We are part of the research team that developed the empirical risk-adjustment method used by the National Institute of Cardiovascular Outcomes Research (NICOR) in its comparative analyses of UK centre outcomes in March and April 2013.4 The Partial Risk Adjustment in Surgery (PRAiS) model5 ,6 was developed for the purpose of in-house monitoring of short term outcomes by clinical teams.7 In discussing here the use of PRAiS in comparative audit, we hope to illustrate several points important to the interpretation of risk-adjusted outcomes in this surgical specialty, and indeed other areas of clinical practice.
The original version of PRAiS was developed using 10 years of UK national audit data (2000–2010). While the UK is one of only three countries with mandatory data submission for national audit, and the data completeness and quality were very high for many data-fields, there are inevitable problems in using an audit database for research and then using that research for audit. For instance, comorbidity data were included in the model despite concerns about data quality. Given that comorbidity is clearly clinically relevant when considering the risk of a case, we hoped that its inclusion in a risk model would drive up standards of data completeness and quality. Indeed, a positive development following NICOR's April 2013 report is that, in the 3 years’ worth of data (2009–2012) resubmitted to NICOR by UK centres, data completeness is markedly better than in the initial dataset used to develop PRAiS. In particular, the proportion of records with a recorded comorbidity (excluding Down syndrome) doubled from 15% to 30% of cases. For this reason, and because of seemingly improved raw survival rates since 2007–2010 and with the prospect of further comparative analysis by NICOR, we recalibrated the PRAiS model on this most recent 2009–2012 dataset at NICOR's request (details of the current calibration of PRAiS will always be available on: http://www.ucl.ac.uk/operational-research/AnalysisTools/PRAiS).

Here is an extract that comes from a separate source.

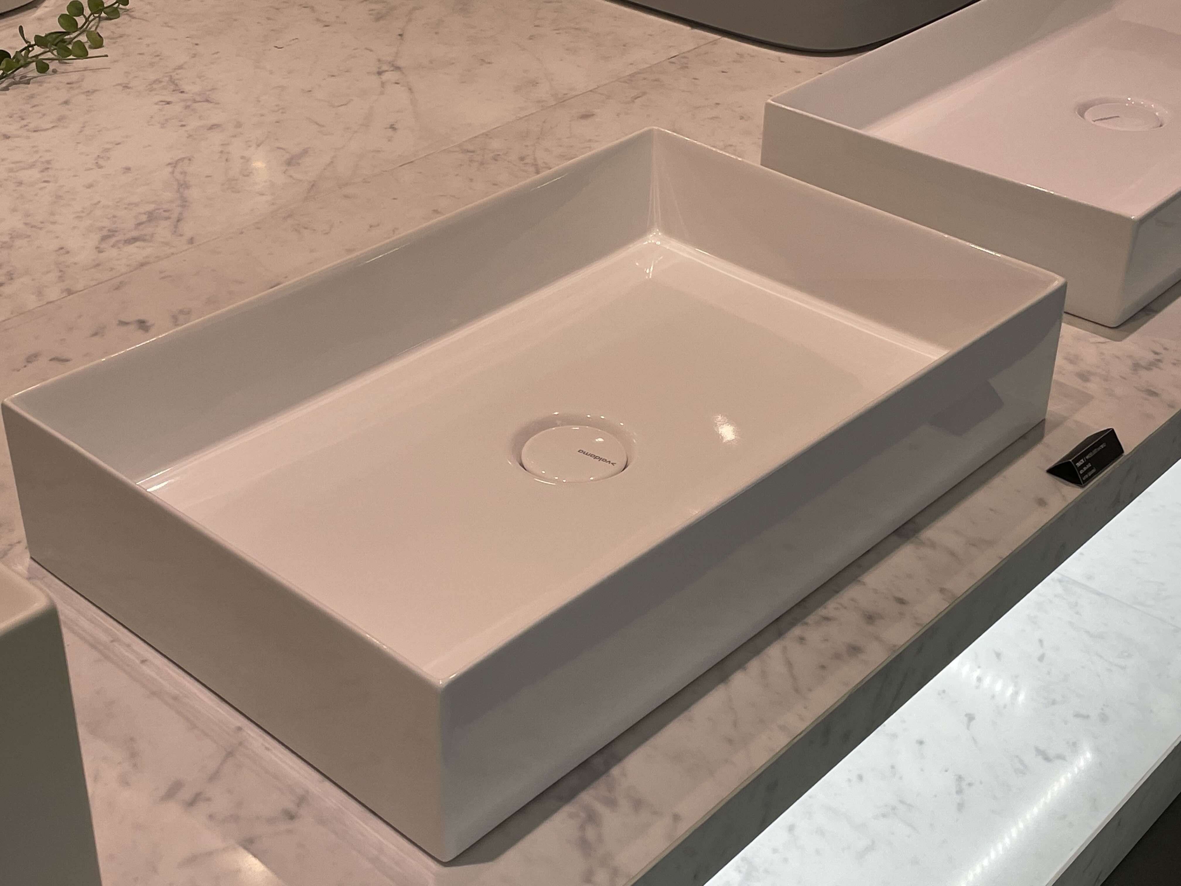 욕실 하부 수납장 혹은 상판 위에 원형의 도기나 유리 재질의 세면기를 얹어 놓는 형태로 탑볼형 세면기로도 불림.

While we are proud of PRAiS and think it fit for the purpose of in-house monitoring, it is important to remember that a major pitfall in risk-adjustment is believing one has completely adjusted for risk. All clinical risk models can only partially account for risk and this must be borne in mind when interpreting risk-adjusted outcome data. Inevitably, some factors associated with risk of 30-day mortality are not accounted for in PRAiS (how many we do not know) and others are not accounted for fully. For example, given historically poor data quality, non-Down's comorbidities are treated equally within PRAiS, although intuitively clinicians are aware that some conditions are more adverse (eg, extreme vs non-extreme prematurity). Using PRAiS within a single centre, one can assume that the prevalence of factors not accounted for is relatively stable and that medium–long term changes (say a rise in the proportion of patients with extreme prematurity) would be recognised and understood by the local clinical team. If comparing PRAiS-adjusted outcomes between centres, one needs to recognise that case mix in terms of factors unaccounted for in the model may differ. Although partial risk-adjustment makes for fairer comparisons, it does not make comparisons fair.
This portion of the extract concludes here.